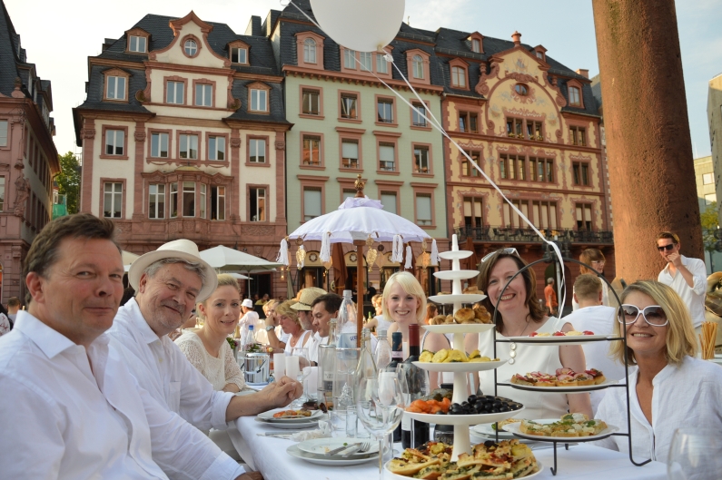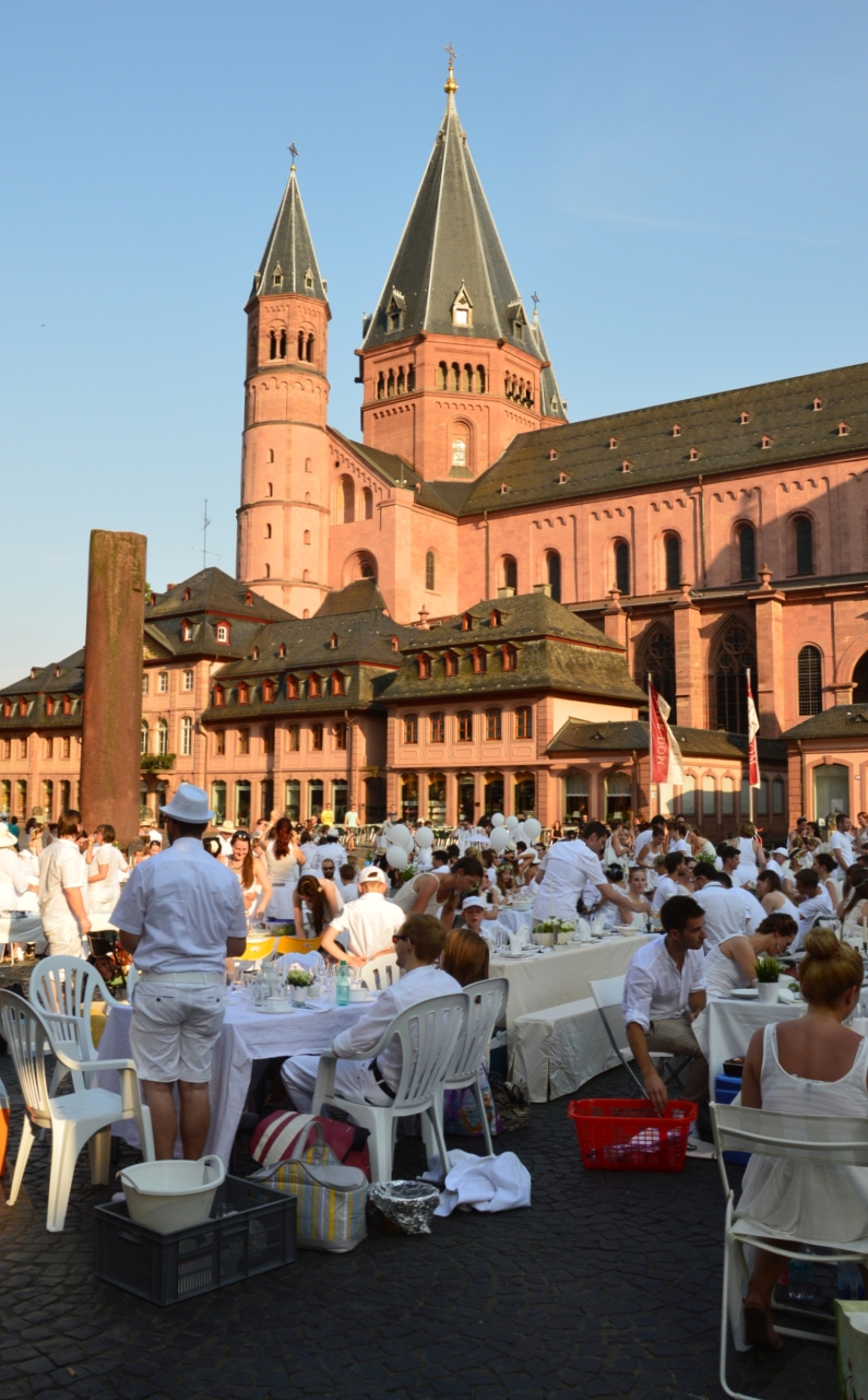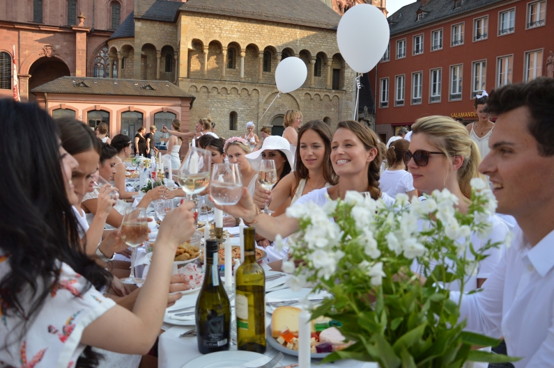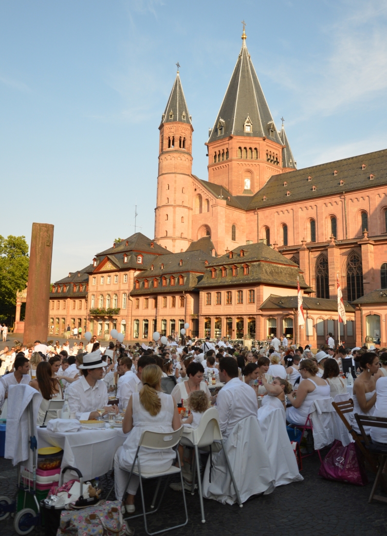 Weltweit gibt es inzwischen Diner en Blancs, in Rheinhessen gibt es gleich mehrere kleine, in Ginsheim feierten sie am 22. Mai, im Rheingau soll es das erste Diner en Blanc am 12. Juni geben. In Mainz gab es das Abendessen in weiß bereits vier Mal: am Rheinufer, auf dem Kupferberg und natürlich in wunderschöner Kulisse 2014 und 2015 am Dom. Und die Picknickfreunde hatten eigentlich immer Glück mit dem Wetter: Es waren immer wunderbare Sommerabende.
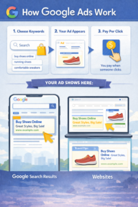 Google Ads is an advertising platform where your ads appear on Google search results and across websites.
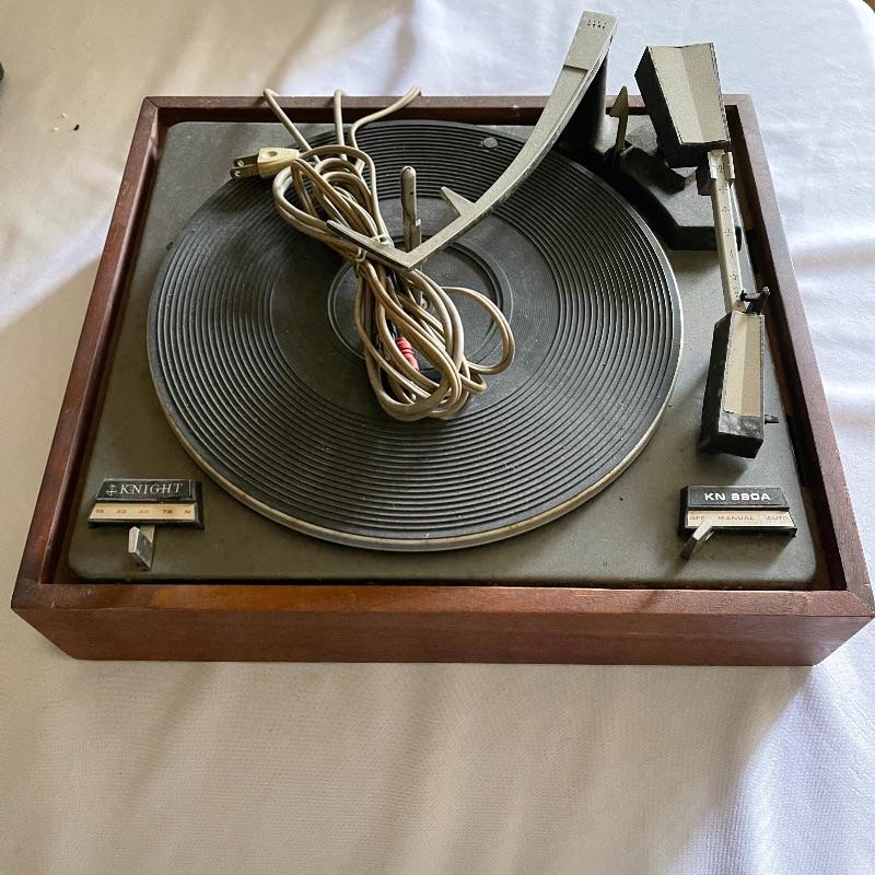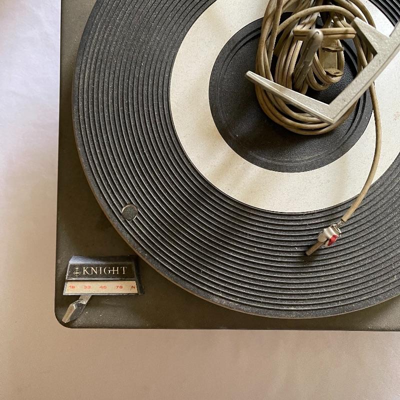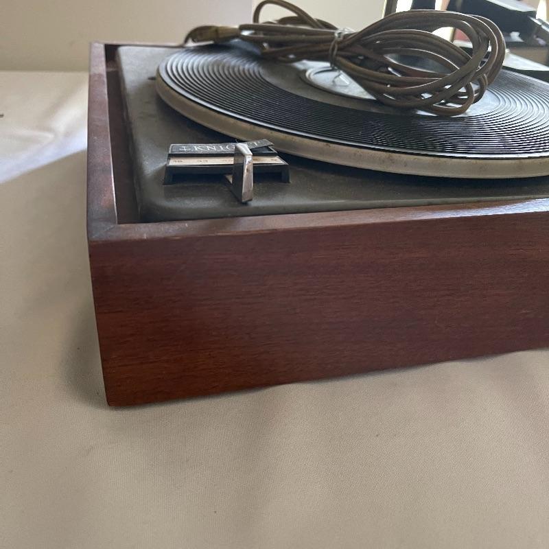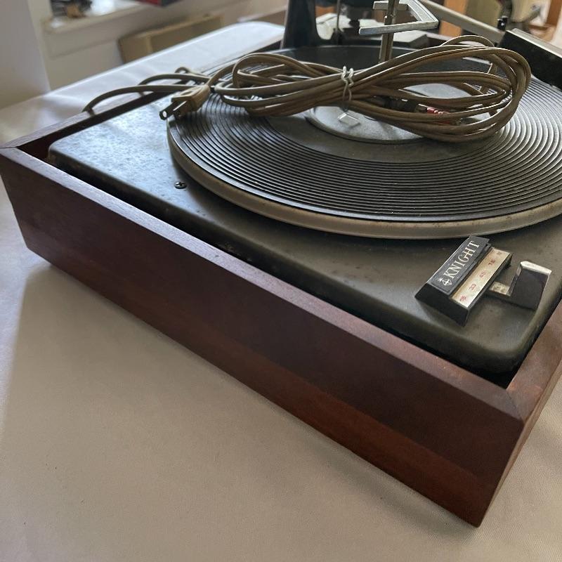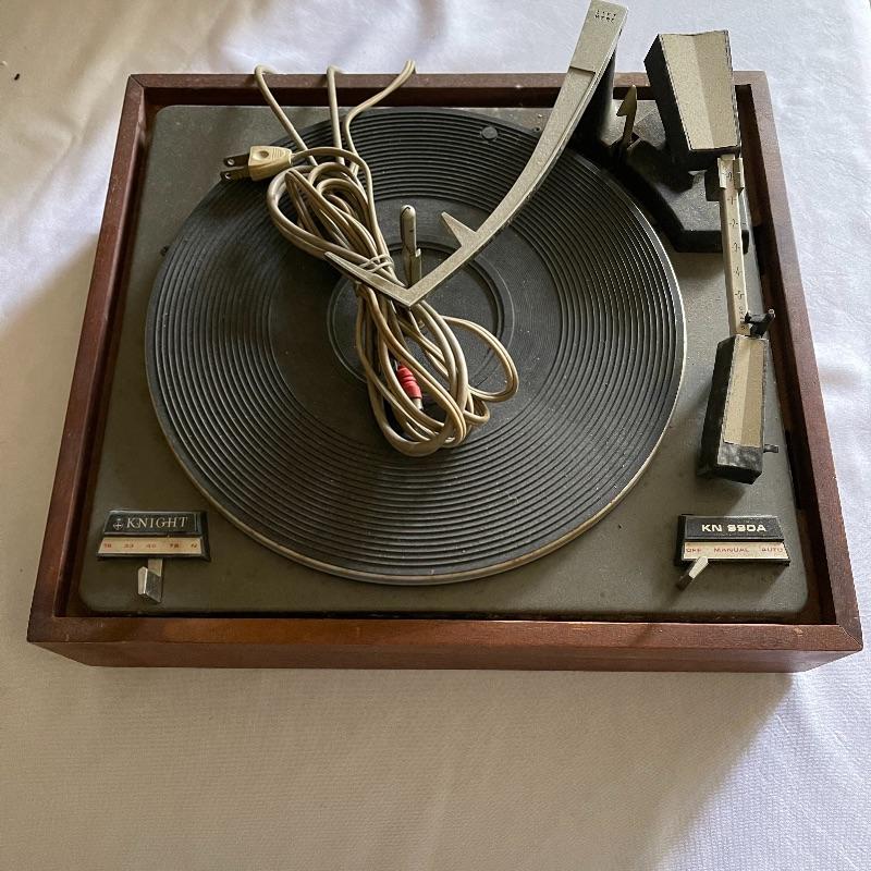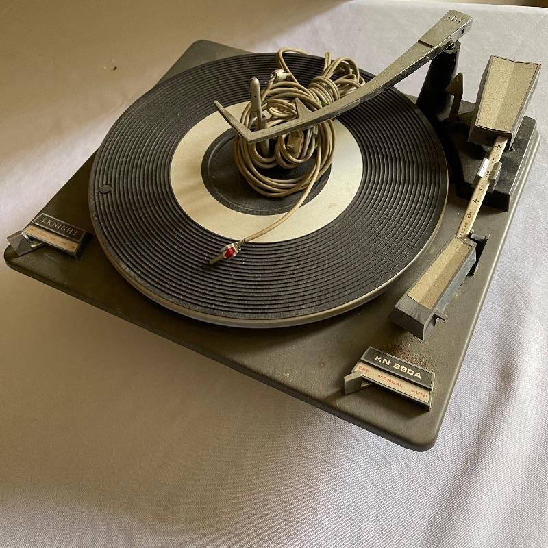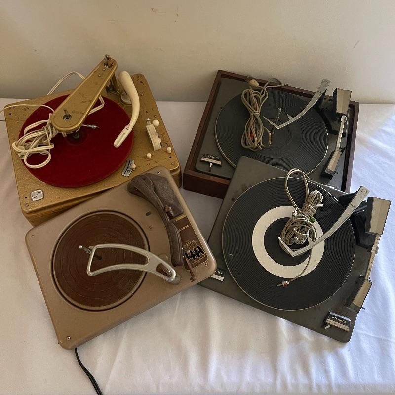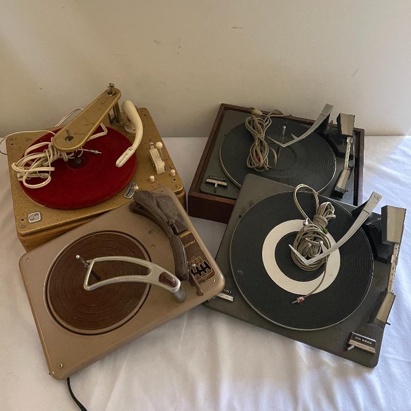 Group of four turntables from various makers. Two are Knight turntables, both are model 990A. One is Marconi, Swedish made, and the type number is A-517-056. The last is a single High Fidelity turntable, model 31471.
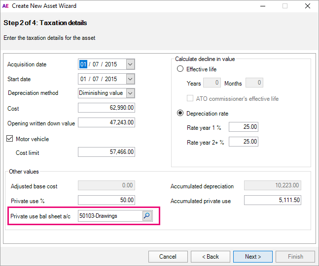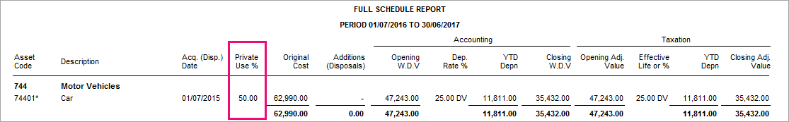 any assets with a Private Use amount has a private use balance sheet account specified in the individual Asset details.
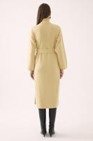 • Bayan BEJ Mayra Regular Fit Diz Altı Degaje Yaka Açık Bej Renk Triko Elbise
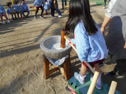 12月におもちつきをしました。みんなで力を合わせておもちをついて、手で丸めて、立派なかがみもちができました。おうちに飾ってよいお年を迎えてくださいね。
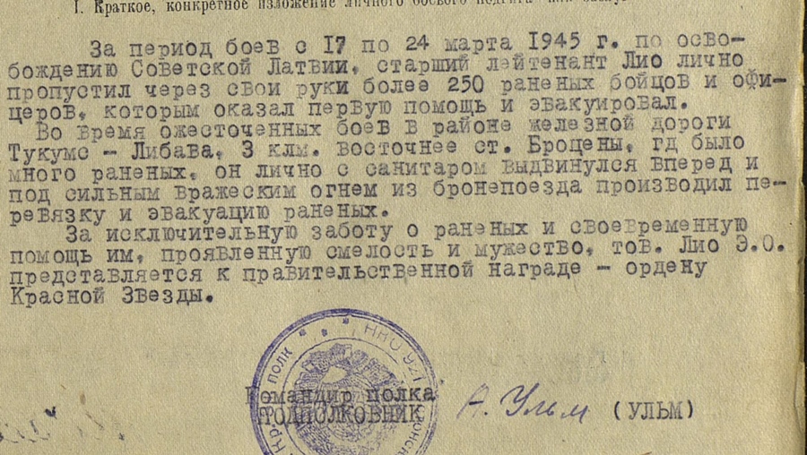 921 LP meditsiiniteenistuse vanemleitnant Endel Lio. Punatäht 2121639 on saadud Kuramaa lahingutes. Üsna lähedane number eelmise postituse Punatähele.
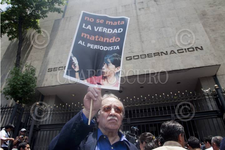 MÉXICO, D.F., 04MAYO2012.- Periodistas de diversos medios de comunicación se manifestraron en la Secretaría de Gobernación, donde entregaron un documento para exigir el esclarecimiento de los recientes asesinatos de reporteros en diversas partes del país, así como un pliego petitorio para garantizar el desarrollo del ejercicio periodístico. FOTO: JUAN PABLO ZAMORA /CUARTOSCURO.COM
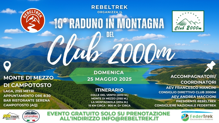TORNA IL RADUNO IN MONTAGNA PIÙ IMPORTANTE DELL’APPENNINO, giunto alla sua DECIMA EDIZIONE, anche quest’anno organizzato da REBELTREK, con il patrocinio della FEDERTREK ESCURSIONISMO E AMBIENTE.
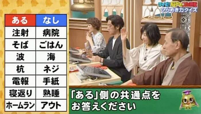次は、あるなしクイズ。次の単語の「ある」側の共通点を答えてください。
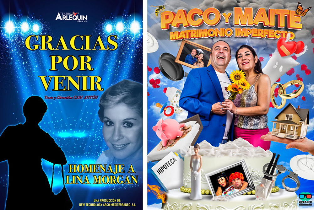 El teatro circo de El Algar trae este viernes un homenaje a Lina Morgan con la comedia musical 'Gracias por venir' y al día siguiente tendrá sobre su escenario a los humoristas Paco y Maite  con 'Matrimonio imperfecto'. En las fotos superiores, una escena de la obra y otra de una visita a Cartagena de la pareja cordobesa.
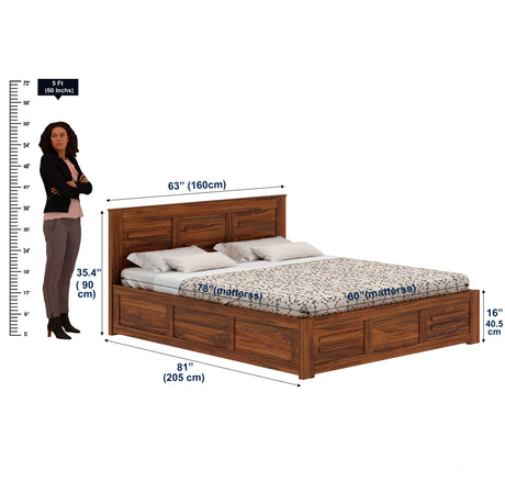 Swiss Solid Sheesham Wood Box Storage Bed - 3 years Warranty
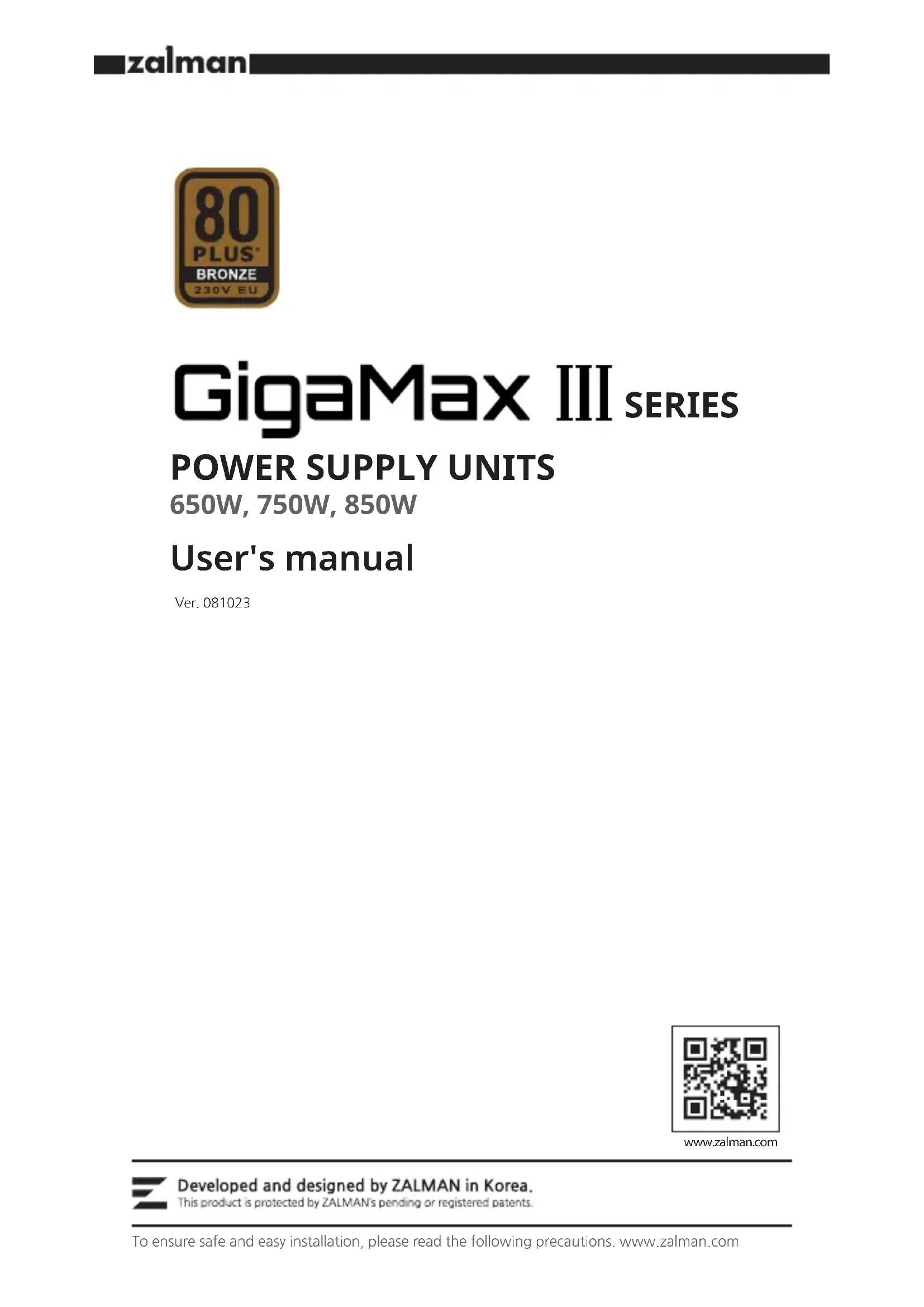 SERIES 650W, 750W, 850W www.zalman.com1 WARNING This product is designed for computer use only, such as offices, multimedia, the Internet and games. Using this product in any other application will void the warranty. The power supply unit(PSU) is for integration into a computer system and not intended for external or outdoor usage. Please note that Full Modular PSU's warranty is applicable to the power supply unit ONLY and does not include accessories such as, power cable, connector and etc. Non-Modular warranty is applicable to PSU and its power cables. If you have any questions, please ask a specialist for help. DISCLAIMER Zalman Tech Co., Ltd. is not responsible for any damages due to external causes, including but not limited to, improper use, problems with electrical power, accident, neglect, alteration, repair, improper installation, or improper testing. ▶ Opening the cover of the product while the power cord is plugged into an outlet may cause electrocution or critical damage to the product. ▶ Handling the power cord with wet hands may cause electrocution. ▶ Inserting fingers or metallic objects into the cooling fan may cause injury or electrocution. ▶ Operating the product in an extremely cold or hot environment can degrade product performance and lifespan. ▶ Exposure to liquids may cause malfunction. ▶ Operation in a humid or non-ventilated environment may reduce product lifespan. ▶ Plugging the main power connector P1 into the motherboard while the product is connected to the AC power source may cause damage to the motherboard. ▶ Make sure that the connectors are connected to their designated locations, and that the connectors are not oriented in the wrong direction when connecting the DC output connectors. ▶ Please use gloves to prevent injuries during installation. ▶ Product designs and specifications may be revised without prior notification to improve quality and performance. Neglecting the following may cause minor injuries, degrade product conditions or cause malfunction. Warnings and Safety Precautions English Neglecting the following may cause serious injury or death. WARNING CAUTION2 AVERTISSEMENT Ce produit est conçu pour un usage informatique uniquement, tel que des bureaux, du multimédia, Internet et des jeux. L’utilisation de ce produit dans toute autre application annulera la garantie. L’unité d’alimentation est destinée à être intégrée dans un système informatique et n’est pas prévue pour un usage externe ou en extérieur. Veuillez noter que la garantie de l’unité d’alimentation entièrement modulaire s’applique UNIQUEMENT à l’unité d’alimentation et ne comprend pas d’accessoires tels que le câble d’alimentation, le connecteur, etc. La garantie non modulaire s’applique à l’unité d’alimentation ainsi qu’à ses câbles d’alimentation. Si vous avez des questions, veuillez consulter un spécialiste. RESPONSABILITÉ Zalman Tech Co Ltd., ne saura être tenu pour responsable en cas de dommages dus à des causes externes, incluant mais non limitées à une mauvaise utilisation, à des problémes électriques, à un accident, à une négligence, à une altération, à une réparation, à une mauvaise installation ou à des tests inadaptés. Français Avertissements et précautions de sécurité ▶ Ouvrir le produit alors que le cordon d' alimentation est branch é à une prise peut causer une électrocution ainsi que de sérieux dommages au produit ▶ Manipuler le cordon d'alimentation avec les mains humides peut causer une électrocution ▶ Insérer les doigts ou des dbjets métalliques dans le ventilateur alors que celui-ci est en fonctionnement peut entraîner de graves accidents, voire une électrocution. ▶ Faire fonctionner le produit dans un denvironnement trop chaud ou trop froid peut avoir des cons équences néfastes sur les performances du produit et sur sa durée de vie. ▶ L'exposition à des liquides peut entra îner un dysfonctionnemnet. ▶ Faire fonctionner le produit dans un endroit humide ou mal a éré peut aecter sa durée de vie ▶ Brancher le connecteur d'alimentation principal P1 à la carte mére alors que le produit est relié à la source d'alimentation AC peut endommager la carte mére. ▶ Assurez-vous que les connecteurs soient correctement branch és, et qu'ils ne soient pas orientés vers la manvaise direction lorsque vous branchez les connecteurs de sortie DC. ▶ Veuillez porter des gants an d' éviter tout probléme durant l'istallation. ▶ Le design et les sp écifications de ce produit pourront être modifiés sans notification préalable an d'en améliorer la qualité et les performnaces.

· · · · · · ·

## YOUR INSTRUCTIONS
Output exactly the lines above, from the line with "Google Ads is" to the line with "MÉXICO, D.F., 04MAYO2012.- Periodistas", both included; skip the pictures.

## SOLVED PROBLEM
 Google Ads is an advertising platform where your ads appear on Google search results and across websites.
 Group of four turntables from various makers. Two are Knight turntables, both are model 990A. One is Marconi, Swedish made, and the type number is A-517-056. The last is a single High Fidelity turntable, model 31471.
 any assets with a Private Use amount has a private use balance sheet account specified in the individual Asset details.
 • Bayan BEJ Mayra Regular Fit Diz Altı Degaje Yaka Açık Bej Renk Triko Elbise
 12月におもちつきをしました。みんなで力を合わせておもちをついて、手で丸めて、立派なかがみもちができました。おうちに飾ってよいお年を迎えてくださいね。
 921 LP meditsiiniteenistuse vanemleitnant Endel Lio. Punatäht 2121639 on saadud Kuramaa lahingutes. Üsna lähedane number eelmise postituse Punatähele.
 MÉXICO, D.F., 04MAYO2012.- Periodistas de diversos medios de comunicación se manifestraron en la Secretaría de Gobernación, donde entregaron un documento para exigir el esclarecimiento de los recientes asesinatos de reporteros en diversas partes del país, así como un pliego petitorio para garantizar el desarrollo del ejercicio periodístico. FOTO: JUAN PABLO ZAMORA /CUARTOSCURO.COM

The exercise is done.